#### [Exercise]
Once the line containing "重量:双快拆净重约380克/" is reached, copy it and every line after it exactly, to the end of the material, without pictures.

==== Input material ====

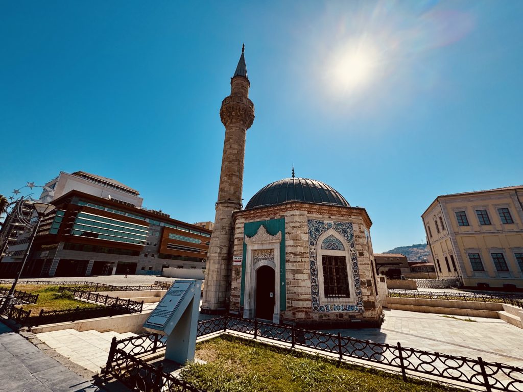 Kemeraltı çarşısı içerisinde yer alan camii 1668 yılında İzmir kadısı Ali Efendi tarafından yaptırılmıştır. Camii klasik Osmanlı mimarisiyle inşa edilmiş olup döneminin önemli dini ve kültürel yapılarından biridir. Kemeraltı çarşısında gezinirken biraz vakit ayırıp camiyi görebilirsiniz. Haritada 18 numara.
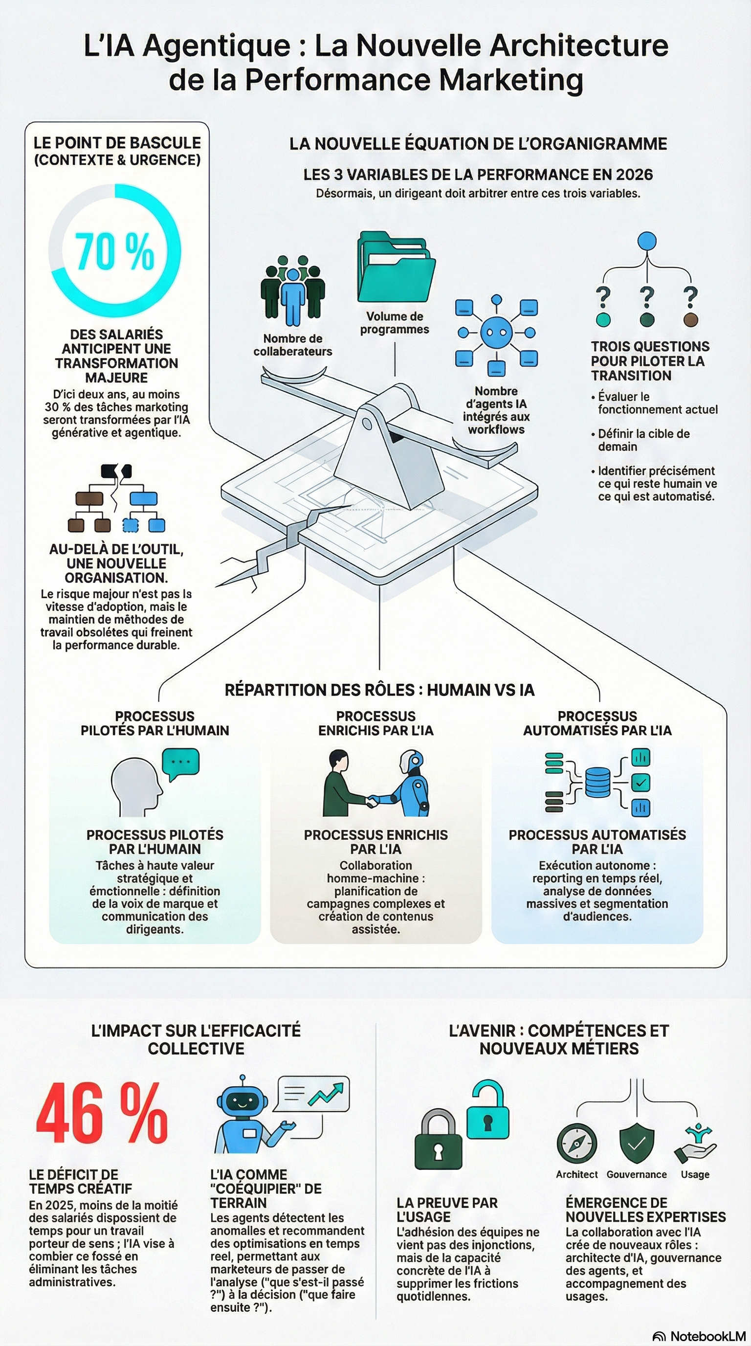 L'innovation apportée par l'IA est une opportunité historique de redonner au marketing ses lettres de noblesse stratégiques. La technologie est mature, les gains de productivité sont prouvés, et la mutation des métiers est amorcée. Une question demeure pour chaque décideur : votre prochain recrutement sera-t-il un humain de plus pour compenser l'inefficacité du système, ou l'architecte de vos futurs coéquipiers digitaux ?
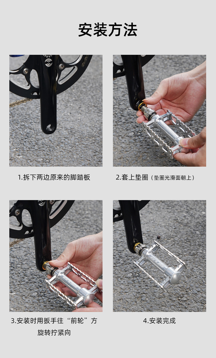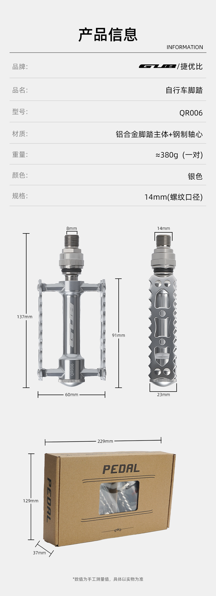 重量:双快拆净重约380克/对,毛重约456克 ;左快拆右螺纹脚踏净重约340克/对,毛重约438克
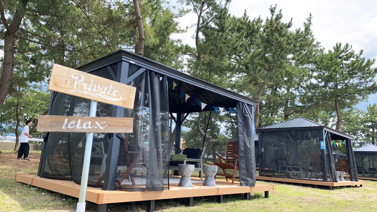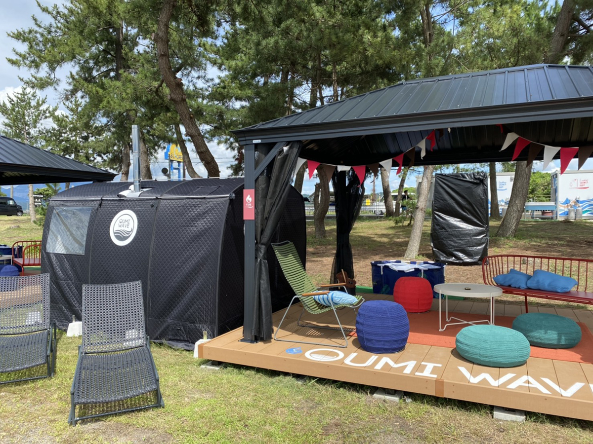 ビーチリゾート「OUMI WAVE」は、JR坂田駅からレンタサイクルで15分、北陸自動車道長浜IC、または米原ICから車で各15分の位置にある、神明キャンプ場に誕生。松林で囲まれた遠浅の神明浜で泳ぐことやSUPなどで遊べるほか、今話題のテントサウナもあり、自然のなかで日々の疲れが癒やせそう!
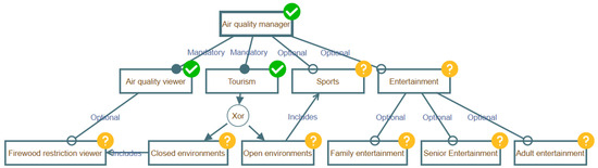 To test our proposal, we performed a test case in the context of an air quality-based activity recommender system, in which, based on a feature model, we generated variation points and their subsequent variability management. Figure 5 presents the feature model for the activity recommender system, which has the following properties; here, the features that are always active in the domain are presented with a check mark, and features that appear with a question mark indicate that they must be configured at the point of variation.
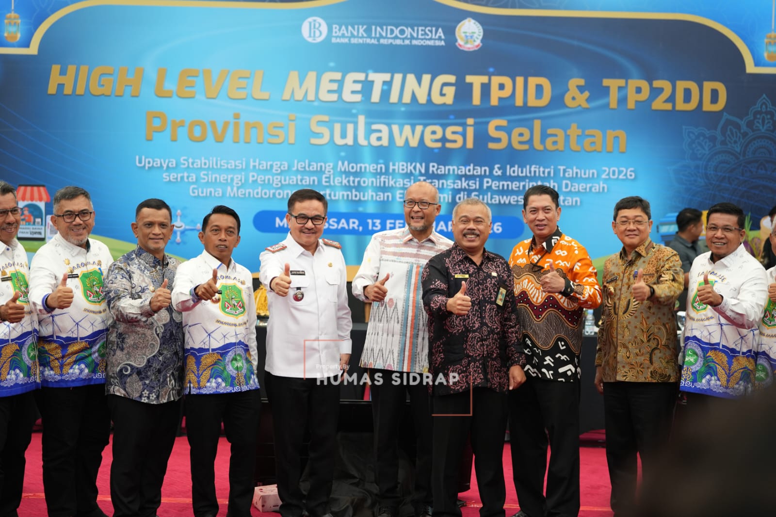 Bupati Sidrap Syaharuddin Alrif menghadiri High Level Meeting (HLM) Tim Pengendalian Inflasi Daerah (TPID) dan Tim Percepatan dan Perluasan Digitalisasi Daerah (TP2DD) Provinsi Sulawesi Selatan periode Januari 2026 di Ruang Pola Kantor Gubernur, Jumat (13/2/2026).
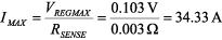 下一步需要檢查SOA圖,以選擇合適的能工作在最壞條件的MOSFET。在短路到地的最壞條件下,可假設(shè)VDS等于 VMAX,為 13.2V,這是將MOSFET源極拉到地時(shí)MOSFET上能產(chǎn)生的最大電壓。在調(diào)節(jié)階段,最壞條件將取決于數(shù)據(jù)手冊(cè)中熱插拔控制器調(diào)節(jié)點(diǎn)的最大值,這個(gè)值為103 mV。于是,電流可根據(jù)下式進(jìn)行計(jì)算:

====

#### [Solution to this task]
 重量:双快拆净重约380克/对,毛重约456克 ;左快拆右螺纹脚踏净重约340克/对,毛重约438克
 ビーチリゾート「OUMI WAVE」は、JR坂田駅からレンタサイクルで15分、北陸自動車道長浜IC、または米原ICから車で各15分の位置にある、神明キャンプ場に誕生。松林で囲まれた遠浅の神明浜で泳ぐことやSUPなどで遊べるほか、今話題のテントサウナもあり、自然のなかで日々の疲れが癒やせそう!
 To test our proposal, we performed a test case in the context of an air quality-based activity recommender system, in which, based on a feature model, we generated variation points and their subsequent variability management. Figure 5 presents the feature model for the activity recommender system, which has the following properties; here, the features that are always active in the domain are presented with a check mark, and features that appear with a question mark indicate that they must be configured at the point of variation.
 Bupati Sidrap Syaharuddin Alrif menghadiri High Level Meeting (HLM) Tim Pengendalian Inflasi Daerah (TPID) dan Tim Percepatan dan Perluasan Digitalisasi Daerah (TP2DD) Provinsi Sulawesi Selatan periode Januari 2026 di Ruang Pola Kantor Gubernur, Jumat (13/2/2026).
 下一步需要檢查SOA圖,以選擇合適的能工作在最壞條件的MOSFET。在短路到地的最壞條件下,可假設(shè)VDS等于 VMAX,為 13.2V,這是將MOSFET源極拉到地時(shí)MOSFET上能產(chǎn)生的最大電壓。在調(diào)節(jié)階段,最壞條件將取決于數(shù)據(jù)手冊(cè)中熱插拔控制器調(diào)節(jié)點(diǎn)的最大值,這個(gè)值為103 mV。于是,電流可根據(jù)下式進(jìn)行計(jì)算:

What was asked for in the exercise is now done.